### ABOUT THIS EXERCISE
Your copy should hold exactly the lines from the beginning of the listing below through the line with "ふんわりととろける口どけが美", without any pictures.

### RECORDS TO PROCESS
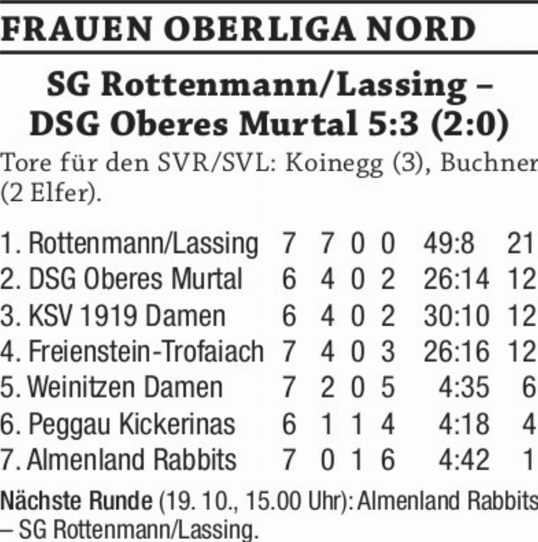 In der steirischen Frauen-Oberliga Nord kürte sich Tabellenführer SG Rottenmann/Lassing mit einem 5:3-Heimerfolg gegen Verfolger DSG Oberes Murtal/Oberwölz zwei Runden vor Schluss zum Herbstmeister. Durch Tore von Sofia Koinegg und einem verwandelten Elfmeter von Simone Buchner führte der Spitzenreiter in dem intensiv geführten und trefferreichen Spiel zur Pause mit 2:0. Sieben Minuten nach Wiederbeginn gelang den Gästen der Anschlusstreffer zum 2:1, aber nur kurz darauf stellte Sofia Koinegg den Zwei- Tore-Vorsprung wieder her. Die Murtalerinnen steckten aber nicht auf und glichen in weiterer Folge zum 3:3 aus. In der 88. Minute sorgte Sofia Koinegg mit ihrem dritten Treffer in dem Match für die 4:3-Führung und nur Sekunden später fixierte Simone Buchner mit dem zweitem Elfmetertor den 5:3-Erfolg. Mit dem siebenten Sieg in Folge bewiesen die SVR/ SVL-Fußballgirls eindrucksvoll, dass sie ein würdiger Winterkönig sind. Am kommenden Sonntag ist die SG Rottenmann/Lassing beim Tabellenschlusslicht Almenland Rabbits (Beginn: 15 Uhr) zu Gast. In diesem Match geht es wohl nur um die Höhe des Sieges für die Gäste.
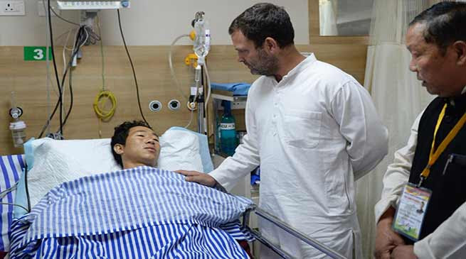 Guwahati : Congress president Rahul Gandhi on Tuesday visited Apollo Hospital in Guwahati to meet two patients, who sustained injuries during Arunachal Pradesh violence. After landing at Lokpriya Gopinath Bordoloi International Airport in Borjhar he left for Apollo Hospital to meet the patients. During his visit to the hospital Rahul wished the patients “a speedy recovery”.He also met the family members of the patients and took stock of the situation in Arunachal Pradesh. Congress leaders like Harish Rawat and Rockybul Hussain also accompanied him to the hospital. Congress president Rahul Gandhi is visiting Guwahati to kick-start his campaign in the State.
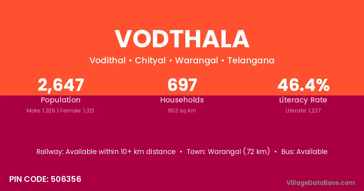 Vodthala village has a total population of 2,647 people, of which 1,326 are males and 1,321 are females.
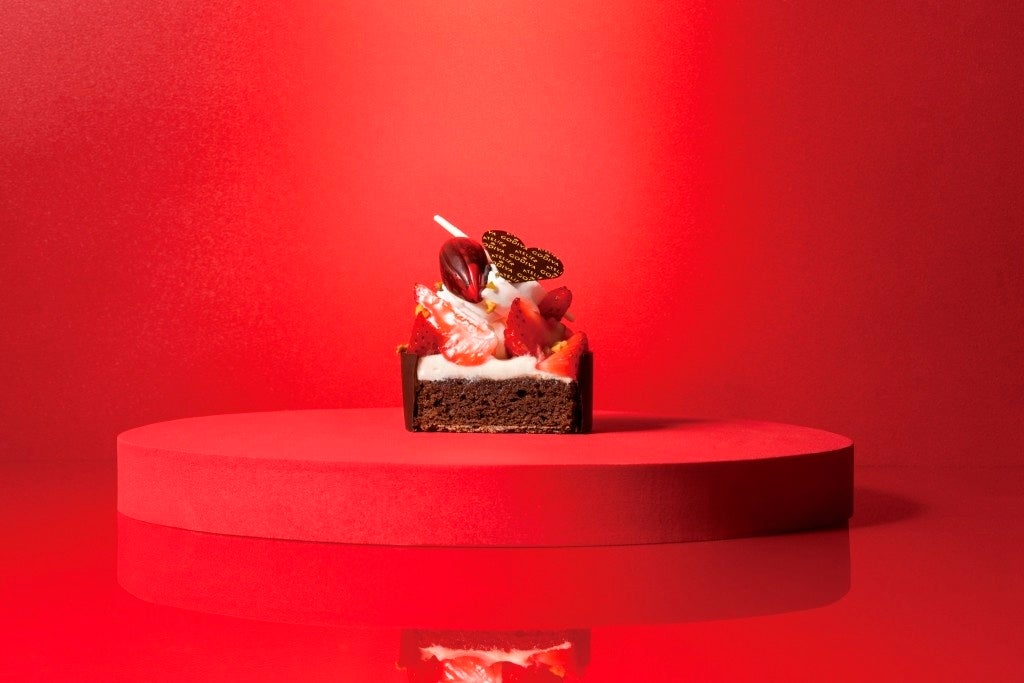 ふんわりととろける口どけが美味しいチョコレートクリームを、しっとりした食感のビスキュイパン・ド・ジェーヌに合わせて。トップにはバレンタイン気分を盛り上げる赤いハートのデコレーションを添えて。
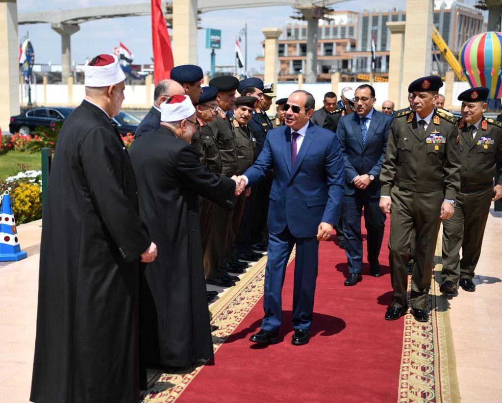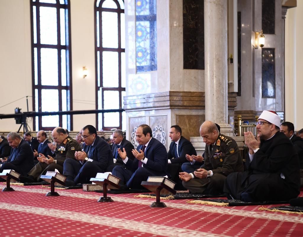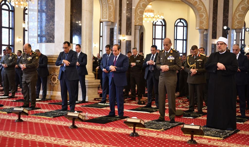 وقد أدى الصلاة مع الرئيس السيسي كل من الدكتور مصطفى مدبولي رئيس مجلس الوزراء، والفريق أول محمد زكي القائد العام للقوات المسلحة وزير الدفاع والإنتاج الحربي والفريق أسامة عسكر رئيس أركان حرب القوات المسلحة وقادة الأفرع الرئيسية وكبار قادة القوات المسلحة وعددا من الضباط وضباط الصف والجنود.
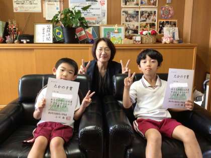 10月23日 たかのす賞 1年生 公開日 2024/10/23 更新日 2024/10/23 校長室から 昨日の給食のおかわりで、1つを半分にしたものをお互いに譲り合ったと担任の先生から聞きました。 友達を思いやる とても素敵な2人です。

### TASK ANSWER
 In der steirischen Frauen-Oberliga Nord kürte sich Tabellenführer SG Rottenmann/Lassing mit einem 5:3-Heimerfolg gegen Verfolger DSG Oberes Murtal/Oberwölz zwei Runden vor Schluss zum Herbstmeister. Durch Tore von Sofia Koinegg und einem verwandelten Elfmeter von Simone Buchner führte der Spitzenreiter in dem intensiv geführten und trefferreichen Spiel zur Pause mit 2:0. Sieben Minuten nach Wiederbeginn gelang den Gästen der Anschlusstreffer zum 2:1, aber nur kurz darauf stellte Sofia Koinegg den Zwei- Tore-Vorsprung wieder her. Die Murtalerinnen steckten aber nicht auf und glichen in weiterer Folge zum 3:3 aus. In der 88. Minute sorgte Sofia Koinegg mit ihrem dritten Treffer in dem Match für die 4:3-Führung und nur Sekunden später fixierte Simone Buchner mit dem zweitem Elfmetertor den 5:3-Erfolg. Mit dem siebenten Sieg in Folge bewiesen die SVR/ SVL-Fußballgirls eindrucksvoll, dass sie ein würdiger Winterkönig sind. Am kommenden Sonntag ist die SG Rottenmann/Lassing beim Tabellenschlusslicht Almenland Rabbits (Beginn: 15 Uhr) zu Gast. In diesem Match geht es wohl nur um die Höhe des Sieges für die Gäste.
 Guwahati : Congress president Rahul Gandhi on Tuesday visited Apollo Hospital in Guwahati to meet two patients, who sustained injuries during Arunachal Pradesh violence. After landing at Lokpriya Gopinath Bordoloi International Airport in Borjhar he left for Apollo Hospital to meet the patients. During his visit to the hospital Rahul wished the patients “a speedy recovery”.He also met the family members of the patients and took stock of the situation in Arunachal Pradesh. Congress leaders like Harish Rawat and Rockybul Hussain also accompanied him to the hospital. Congress president Rahul Gandhi is visiting Guwahati to kick-start his campaign in the State.
 Vodthala village has a total population of 2,647 people, of which 1,326 are males and 1,321 are females.
 ふんわりととろける口どけが美味しいチョコレートクリームを、しっとりした食感のビスキュイパン・ド・ジェーヌに合わせて。トップにはバレンタイン気分を盛り上げる赤いハートのデコレーションを添えて。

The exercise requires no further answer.